While establishing the obvious need for awareness and action at the highest levels, Sullivan points out that with so many markets maturing, there’s a natural tendency for companies to look to emerging areas, but that this has its perils.

“A new and untested market can be a fertile ground for fraud,” says Sullivan, “and companies that operate across borders and outside their traditional markets are more vulnerable to corruption risks, just as their size, and separation of business units, departments and functions can magnify the difficulties in managing such risks.”

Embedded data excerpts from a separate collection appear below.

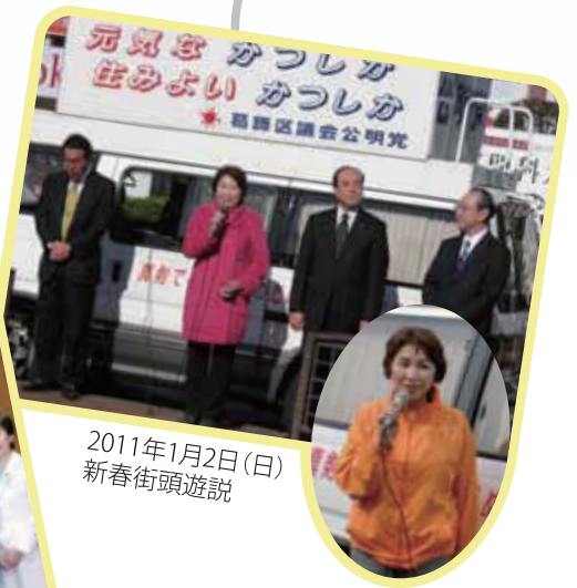
2011年1月2日(日) 新春街頭遊説
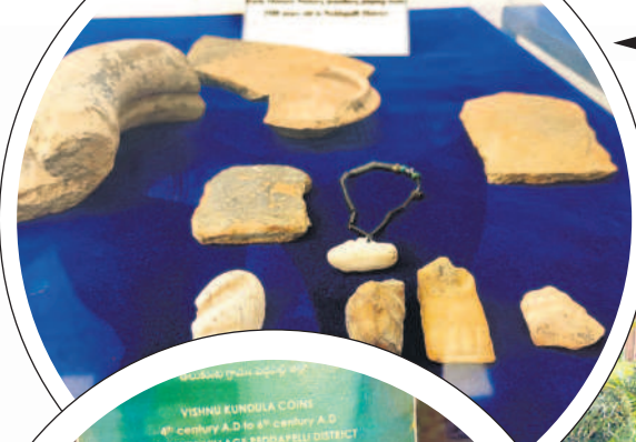
2544 సంవత్సరాల క్రితం తొలి చారిత్రాత్మక యుగం నాటి మట్టి పాత్రలు, ఆట వస్తువులు, ఆభరణాలు
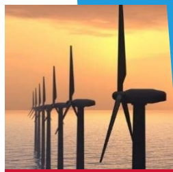
C5/CX Veľmi vysoké/ extrémne
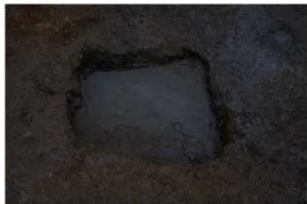
7 第 18 号井戸跡下部検出状況
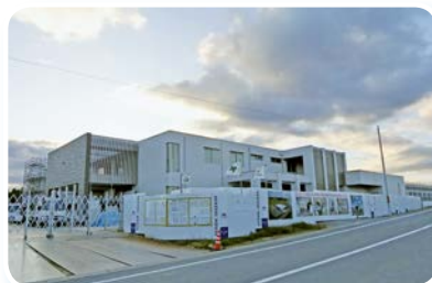
富岡町視察（ふたば医療センター附属病院）

平成29年11月21日～22日に実施し、6名の方と富岡町、楡葉町、広野町、いわき市、小名浜魚市場を視察しました。

When asked about important recent regulatory developments aimed at combating corporate fraud and the relative effectiveness of such acts, Sullivan acknowledges the UK Bribery Act and the Dodd-Frank Reform and Consumer Protection Act as ones that “come immediately to mind,” as well as “the whistleblower provisions embodied in Dodd-Frank [which] include incentives and rewards that are potentially enormous.” But Sullivan goes on to point toward another corruption-fighting development of recent years:

“The pace of international law enforcement cooperation in the anti-corruption setting has quickened since 2009,” says Sullivan. “Over the last five years, the U.S. DOJ and SEC have worked closely with partners in a host of the most populated and economically vital developing countries in the world … Moreover, U.S. regulators have developed close working relationships with their counterparts in other jurisdictions that historically have been considered high-risk for anti-corruption or money laundering purposes, such as Costa Rica and Panama.”

As the panel discussion continues, Sullivan notes that “Given the interactive nature of universal anti-corruption enforcement, if a company is facing corruption scrutiny anywhere in the world, it runs the risk of its local challenge metastasizing into a global problem.”

The discussion concludes with a look at the potential risks posed to company directors and officers of a company investigated for fraud, and the question of what can be done to mitigate those risks.

“The starting point to managing and mitigating this risk is recognition of the legal duties and responsibilities that officers and directors owe to their companies,” says Sullivan. “These are often characterized as fiduciary obligations or the highest degree of care and loyalty. There is a level of personal responsibility that directors and officers must recognize and accept.”